At least without government-imposed censorship, social media companies can sometimes be shamed into doing the right thing. That appears to be what happened when Twitter belatedly unlocked Blanchard’s and Shepherd’s accounts. But once this process becomes formalized and regulated, we can expect internet companies to follow whatever the government of the day decides is “hate speech.” Consider how Twitter kowtows to Pakistan, where the government considers insulting Islam to be hate speech. Last year Twitter warned Ensaf Haider, a Montreal-based activist, that she had violated Pakistan’s blasphemy laws for writing, “Retweet if you’re against the niqab.” That kind of threat won’t shut Haider up, but it has likely silenced many Pakistani women.

It’s entirely conceivable that Haider’s tweet could be labelled “Islamophobic” by some future Canadian social media control committee. And if that happened, something important would be lost. Muslim women who want to throw off their oppressive face-coverings might no longer find any support for their position online, regardless of popular opinion. And the public could be prevented from having a fulsome debate about Quebec’s ban on ostentatious religious symbols in public sector workplaces.

By the same standard it’s not impossible to imagine, after the absurd conclusion by the National Inquiry into Missing and Murdered Indigenous Women and Girls that Canada is committing an ongoing genocide, that anyone advocating for social agencies to take newborn babies away from drug-addicted Indigenous mothers could be labelled as hateful and lose their right to speak openly on social media. The same might apply to someone arguing against spending taxpayer’s money trying to resurrect dead Indigenous languages. We must not confuse controversy with hate.

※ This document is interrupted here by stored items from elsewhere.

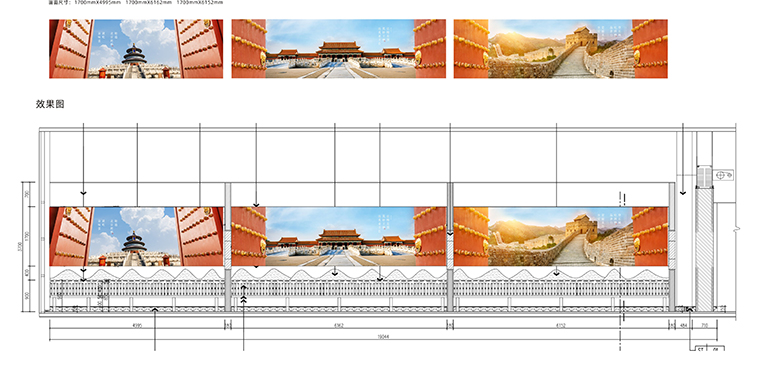 空間墻面中,我們使用了大量的軟膜燈箱,將北京故宮的高精度畫面進行展示,讓顧客透過一幅幅畫面仿佛置身故宮中,進一步強化了對京味張的品牌認知。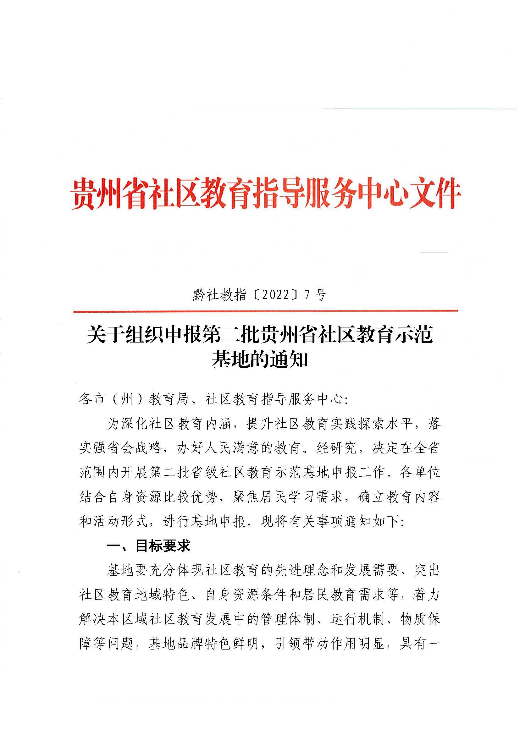 关于组织申报第二批贵州省社区教育示范基地的通知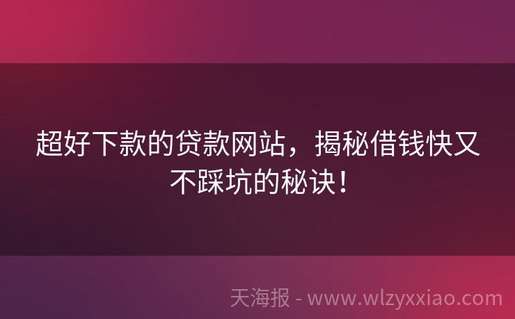 超好下款的贷款网站,揭秘借钱快又不踩坑的秘诀! 超好下款的贷款网站大揭秘:轻松借钱不踩坑! 最近身边总有人念叨:“急需用钱时,找靠谱的贷款网站咋这么难?”别急!今天咱们就化身“贷款小侦探”,扒一扒那些超好下款的贷款网站,顺便聊聊如何避开陷阱,让钱包君安心“喘口气”! 一、超好下款的贷款网站,真的存在吗? 先说结论:存在,但得擦亮眼睛! 这类平台通...
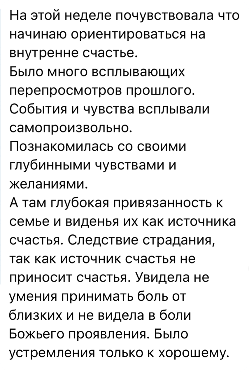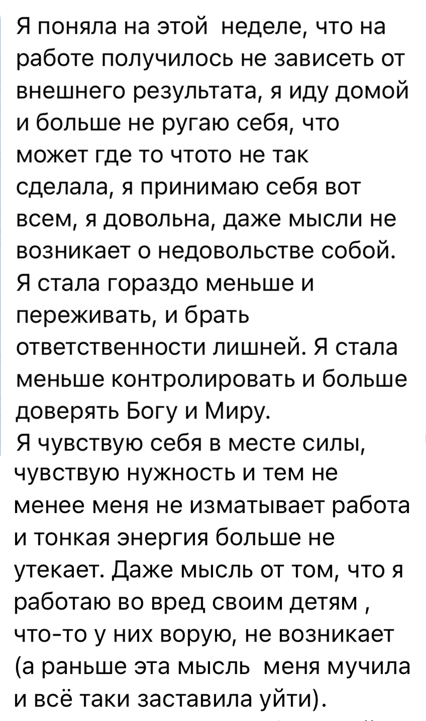 — Опытные «лазаревцы» знают, что работа над собой не закончится никогда. И их это не пугает, а, наверное, даже успокаивает. Можно многое знать, но не уметь, понимать, но не чувствовать... Поэтому для тех, кто давно в системе, результаты происходят на более глубинных уровнях — не только у них, но и у детей, супругов, и даже у родителей.
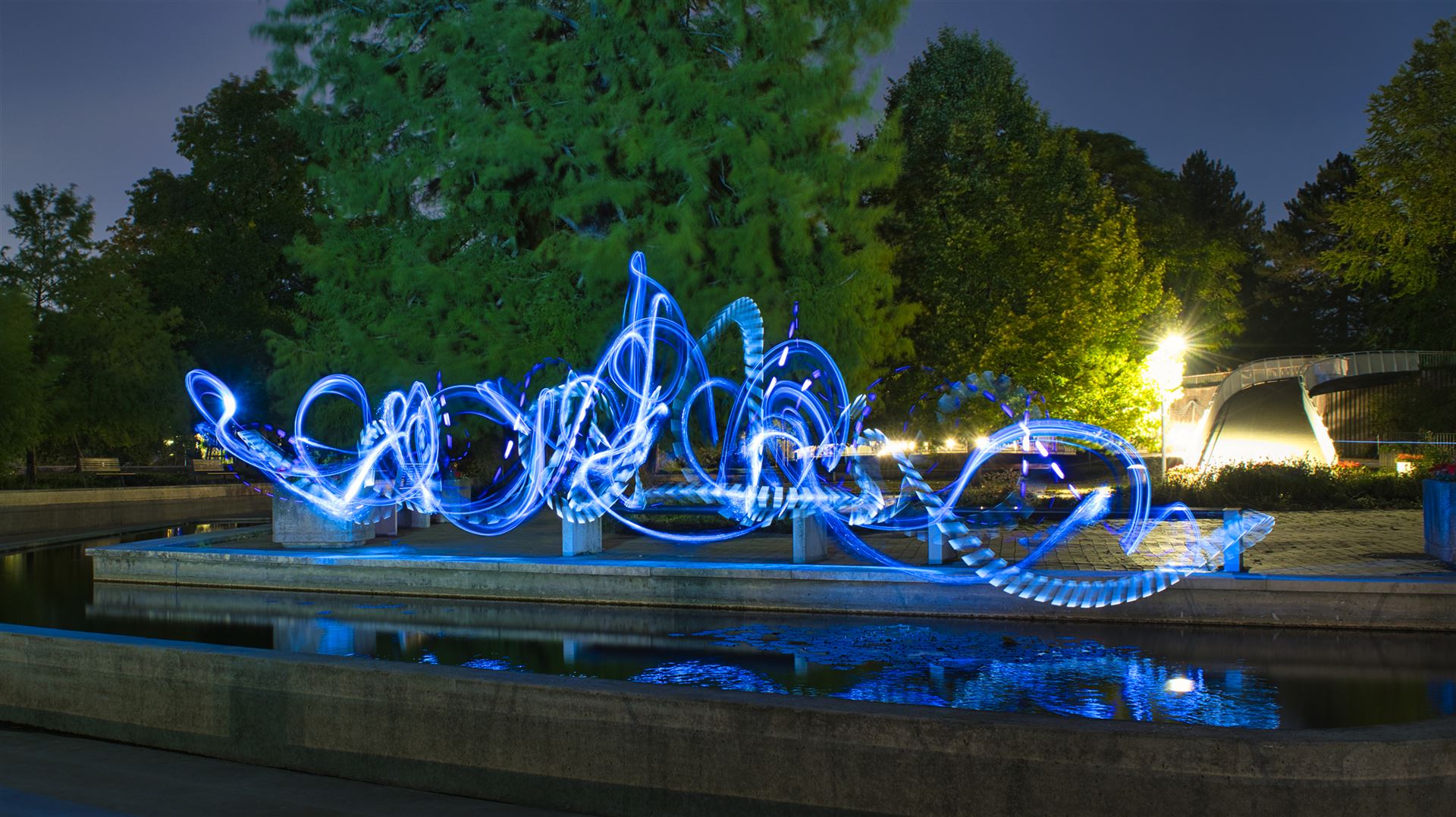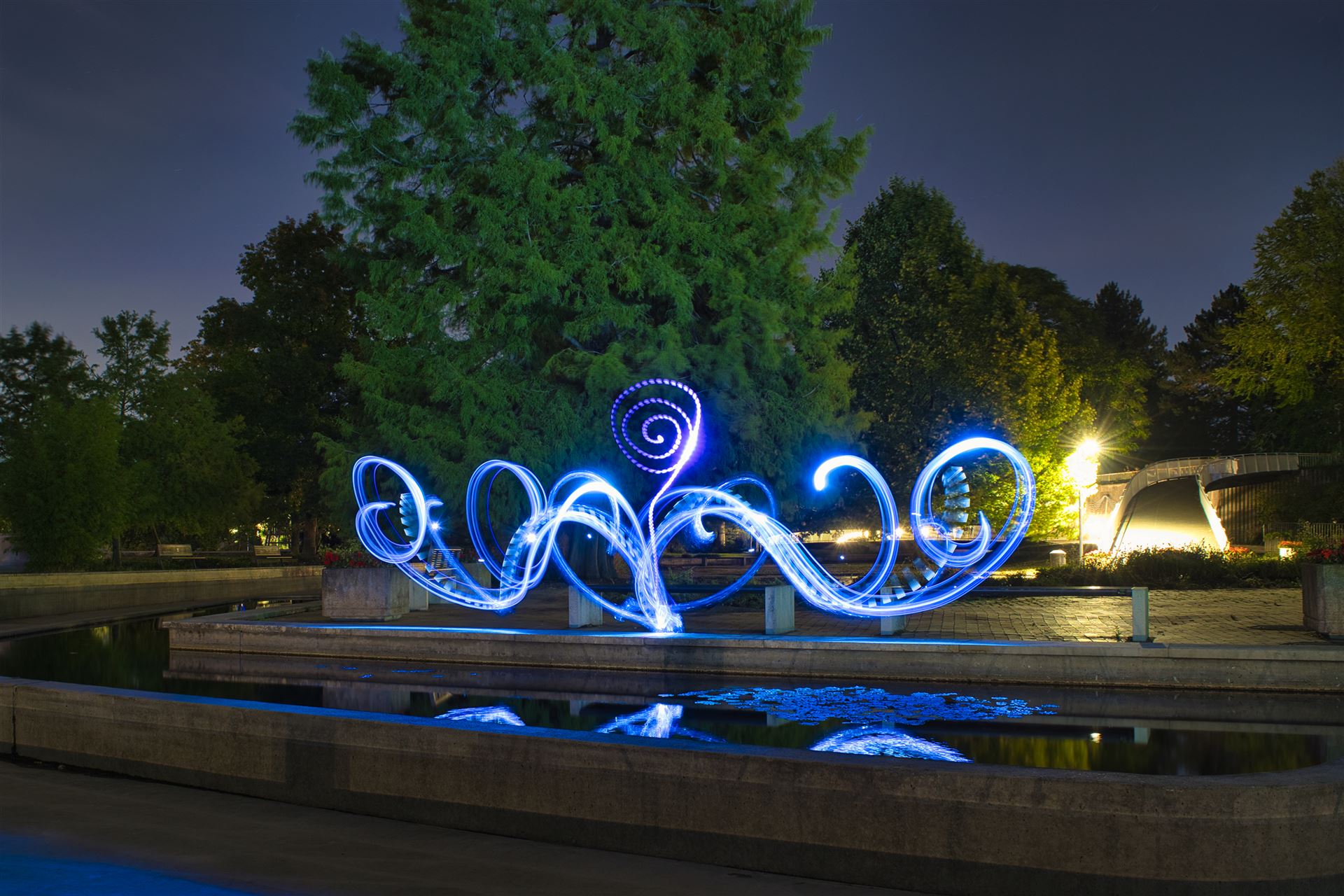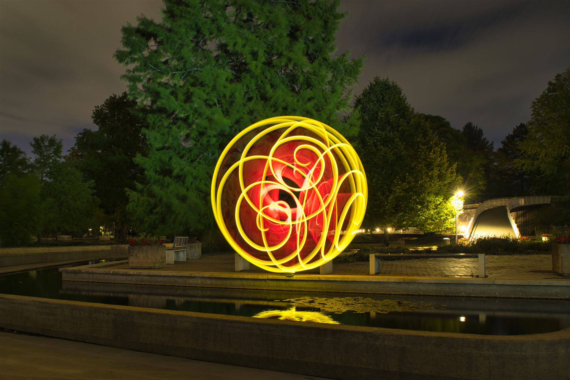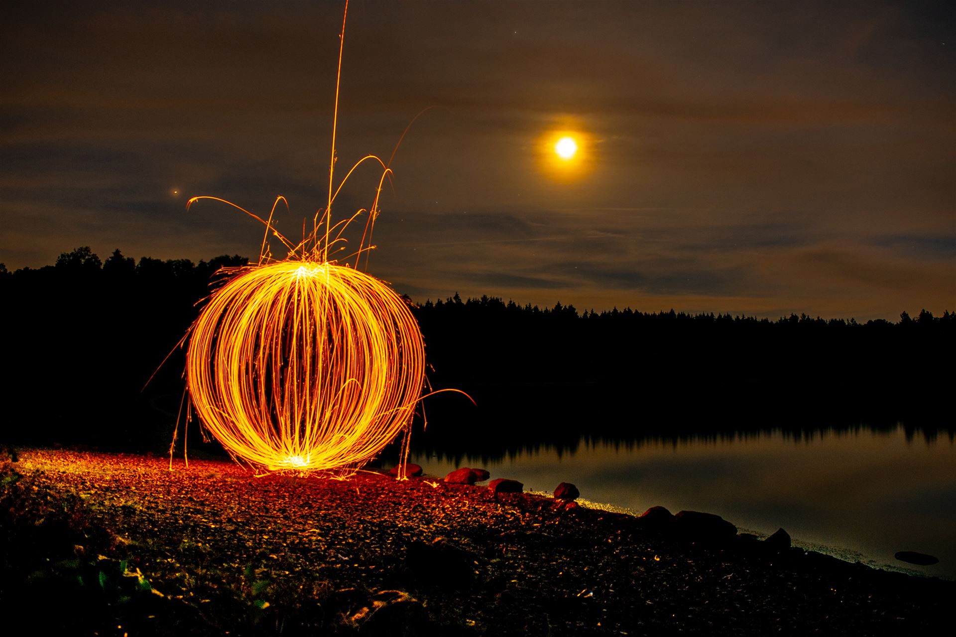 Diese Lichtkugel (Fachsprache unter LightPaintern: ORB) lässt sich durch spezielle Tools und Materialien erstellen.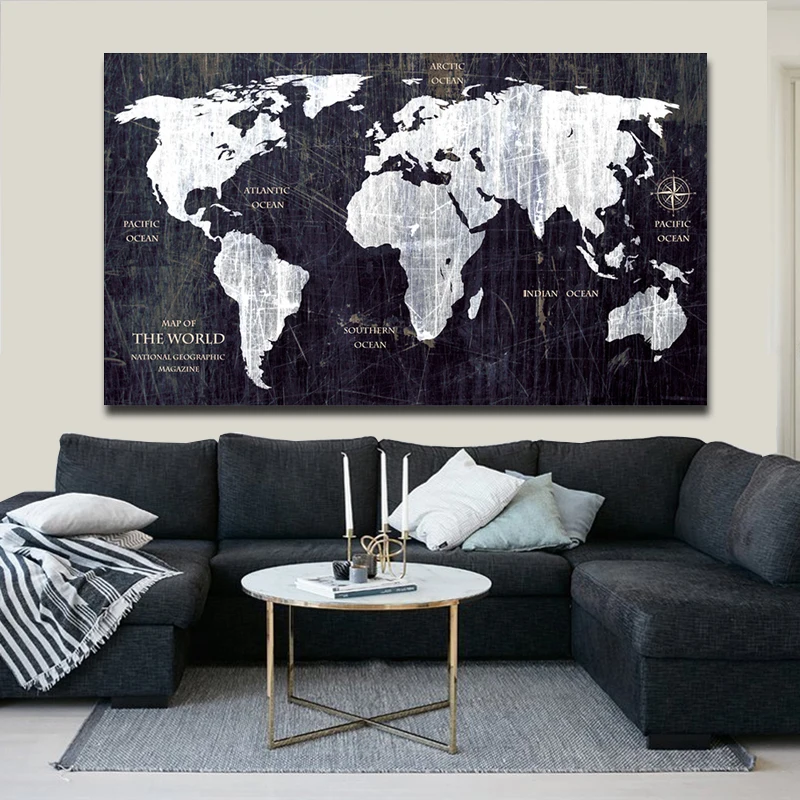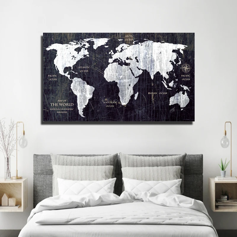 Винтажная HD карта мира, холст, рисование, печать, постер, настенные картины для гостиной, черная карта, декоративное искусство, Декор для дома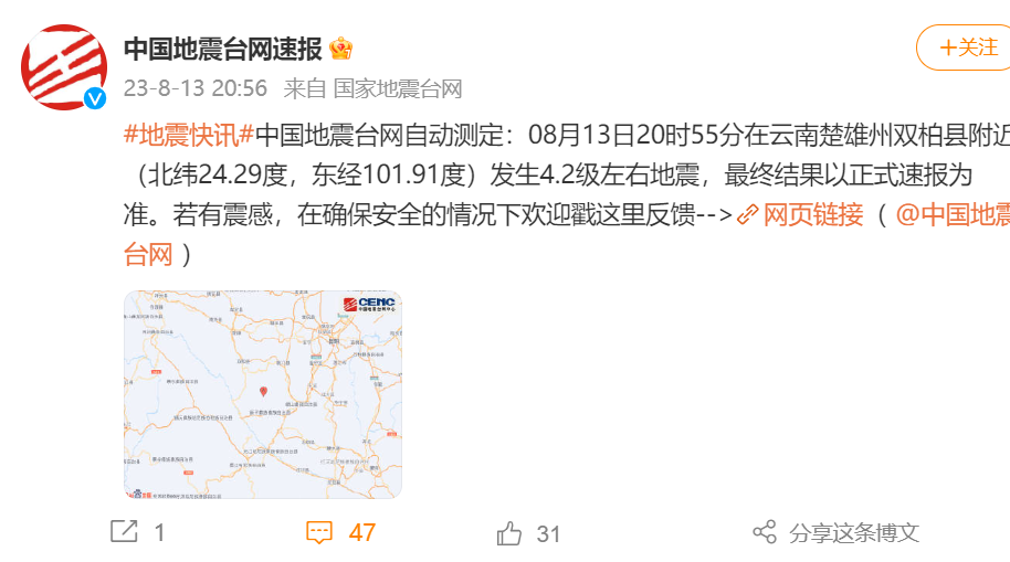 中國地震臺網(wǎng)自動測定:08月13日20時(shí)55分在云南楚雄州雙柏縣附近(北緯24.29度,東經(jīng)101.91度)發(fā)生4.2級左右地震,最終結(jié)果以正式速報(bào)為準(zhǔn)。
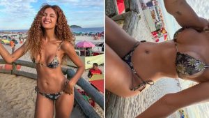 Nesta sexta-feira (3), ela posou na praia com um biquíni estampado e deixou os fãs impressionados com sua beleza.
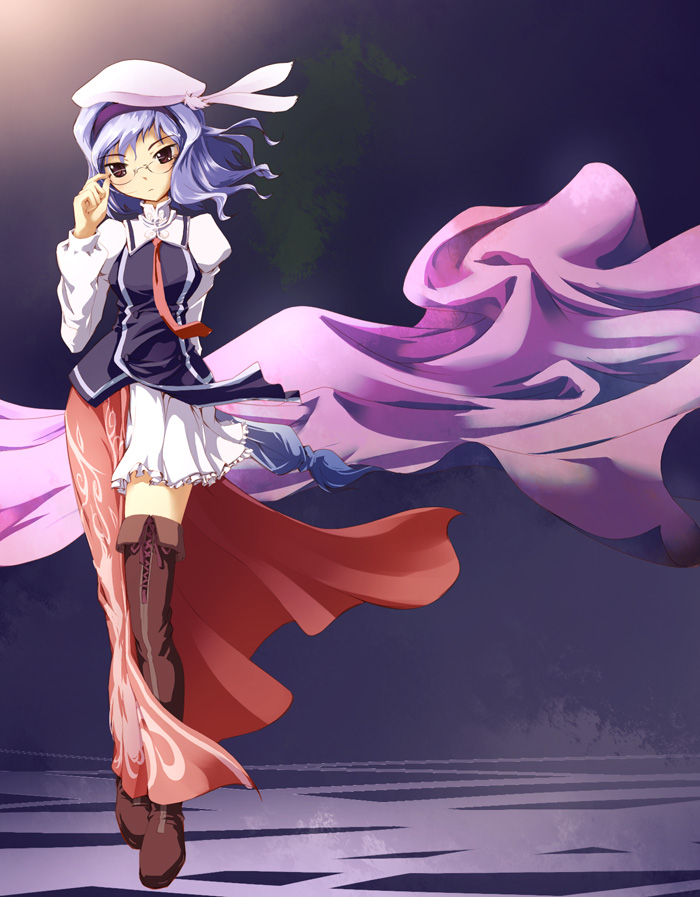 adjusting eyewearberetblue hairbootsbraidbrown eyesfeathersglasseshairbandhatlong hairnecktieskirtsolothigh bootsthighhighsvery long hairwindzettai ryouiki

New government regulation will inevitably cement the bias big technology companies already have against certain types of people and certain views. While the Justice Committee avoided defining hate speech, it asserted that any definition “should acknowledge persons who are disproportionately targeted.” That suggests the committee’s Liberal majority buys into erroneous claims that white people can’t be victims of racism and that men can’t be victims of sexism. Facebook might choose to interpret this to mean that calling white skin a “defect,” as Black Lives Matter Toronto founder Yusra Khogali did on Facebook, is acceptable, while a post pointing out that violent crimes are committed disproportionately by black people must be removed. Privileging some voices over others is not a recipe for a healthy public conversation. It’s also fundamentally unjust.

None of this is to say that words don’t hurt, or to deny that truly hateful ideas can cause real harm. But we already have options. If we see something we consider hateful online, we can try to change the person’s mind. We can block those accounts which offend us. Or call the police if we see a post that threatens real-life violence. What we don’t need is a government seeking to impose more censorship. There’s more than enough of that already.